Earl Ranario, Mason J. Earles

TL;DR
This study benchmarks various vision-language models on agricultural image classification tasks, revealing that current models underperform compared to specialized supervised methods and are not yet ready for standalone use.
Contribution
It provides a comprehensive evaluation of open-source and closed-source VLMs on diverse agricultural datasets, highlighting their limitations and potential as assistive tools.
Findings
Zero-shot VLMs underperform supervised baselines like YOLO11.
Best VLM (Gemini-3 Pro) achieves around 62% accuracy with multiple-choice prompts.

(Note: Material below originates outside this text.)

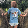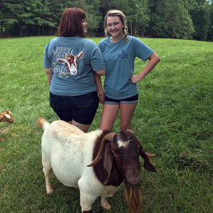Southernology® Worry The Horns off a Billy Goat reminds us that sometimes worrying is good for nothin'! It is a exclusive hand-drawn design with an adorable billy goat chewing on flowers. This design is printed on a short sleeve Ice Blue Comfort Colors t-shirt
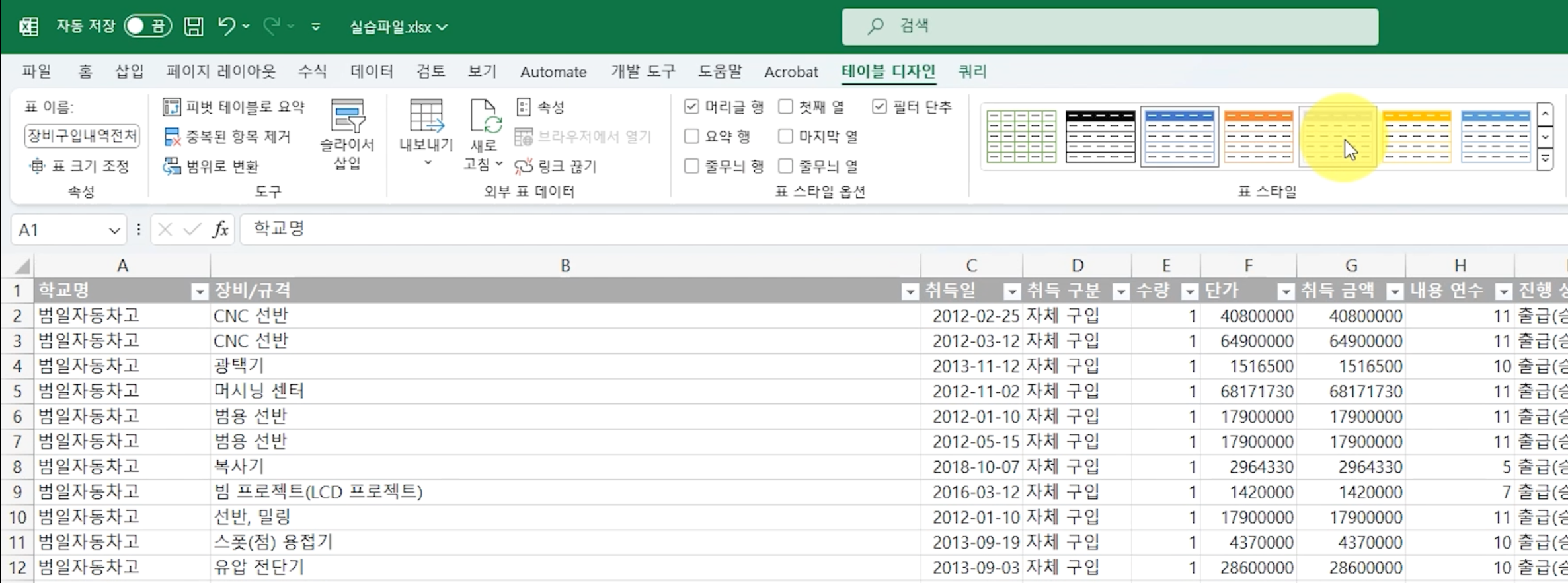 현재 데이터의 문제점은 학교명과 장비/규격명이 같은 경우에 셀이 병합되었죠?

Open-ended prompting yields lower accuracy, often below 25%.
Abstract
Vision-language models (VLMs) are increasingly proposed as general-purpose solutions for visual recognition tasks, yet their reliability for agricultural decision support remains poorly understood. We benchmark a diverse set of open-source and closed-source VLMs on 27 agricultural image classification datasets from the AgML collection (https://github.com/Project-AgML), spanning 162 classes and 248,000 images across plant disease, pest and damage, and plant and weed species identification. Across all tasks, zero-shot VLMs substantially underperform a supervised task-specific baseline (YOLO11), which consistently achieves markedly higher accuracy than any foundation model. Under multiple-choice prompting, the best-performing VLM (Gemini-3 Pro) reaches approximately 62% average accuracy, while open-ended prompting yields much lower performance, with raw accuracies typically below 25%.…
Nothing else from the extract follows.